To run the tests, you need to have Rust installed.
- Go to the directory of the Python package
cd rormula
- Install dev dependencies via
pip install -r requirements.txt
- Create a development build of Rormula
maturin develop --release
- Run
python test/test.py
Run
cargo test
from the project's root.
We compare the Rormula to the well-established and way more mature package Formulaic. The tests create a formula in Wilkinson notation and sample 100 random data points.

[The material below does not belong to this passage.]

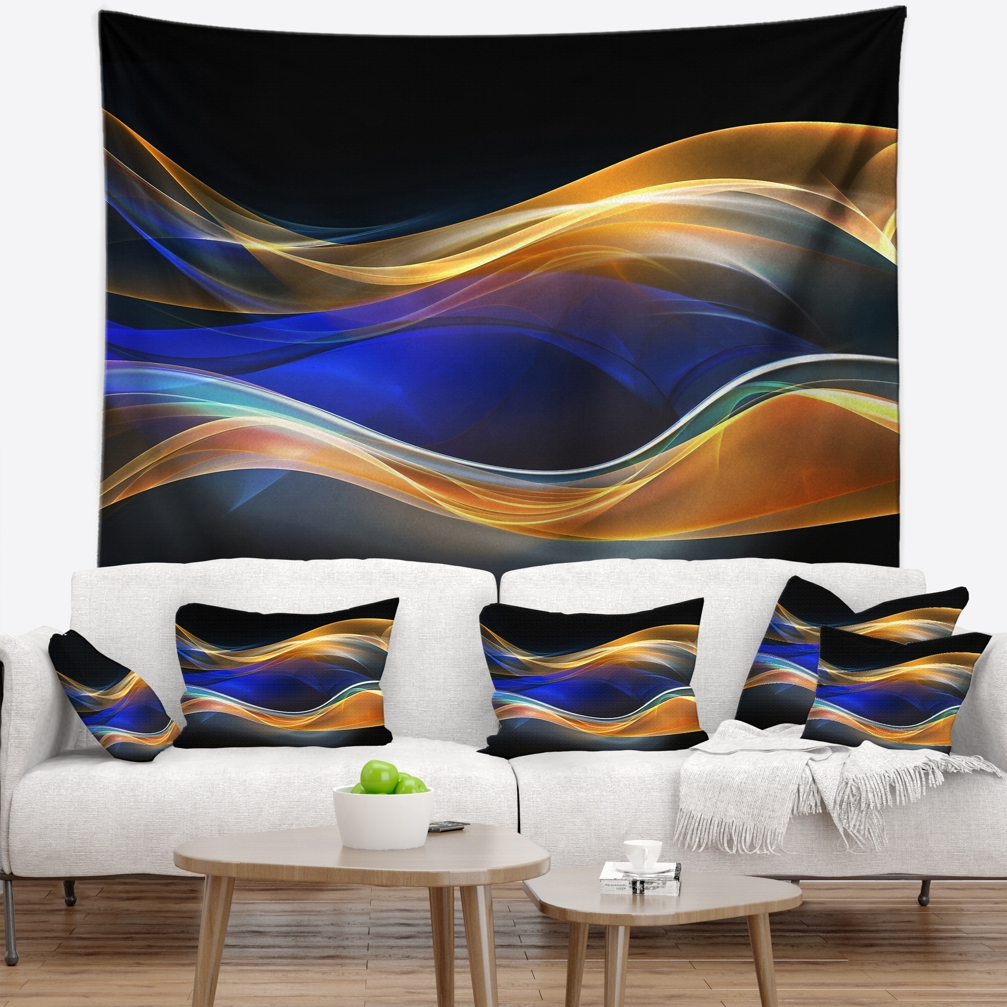 Designart '3D Gold Blue Wave Design' Abstract Wall Tapestry
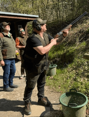 Franz, mit unserer Trainerin, beim erfolgreichen Schuss, auf zwei der fliegenden Ziele.

The output on my machine is
- test just numerical 100 rows
Rormula took 0.0009s
Rormula asdf took 0.0213s
Formulaic took 0.1193s
- test numerical and categorical 100 rows
Rormula took 0.0032s
Rormula asdf took 0.0149s
Formulaic took 0.1705s
- test just numerical 100000 rows
Rormula took 0.2240s
Rormula asdf took 0.2895s
Formulaic took 0.2300s
For the first and forth lines that start with Rormula took
, we have separated categorical and numerical data beforehand.
For the result in the second and fifth lines that start with Rormula asdf took
, we pass and receive pandas dataframes.
The time is measured for 100 applications of the formula. We used a small data set with 100 rows. For more rows, e.g., 10k+, formulaic becomes competitive and better.
We use Counts for profiling Rust code.
To run profiling one can use
maturin develop --release --features print_timings
python test/test_wilkinson.py 2> counts.txt
counts -i -e counts.txt
see rormula/profile.sh
.
To profile other specific parts of the Rust-code use the timing!
-macro.
let res = timing!(some_calculation(), "name of some calculation");
Note that running in profiling mode makes the whole program slower and the time measurements of the section above will not hold anymore.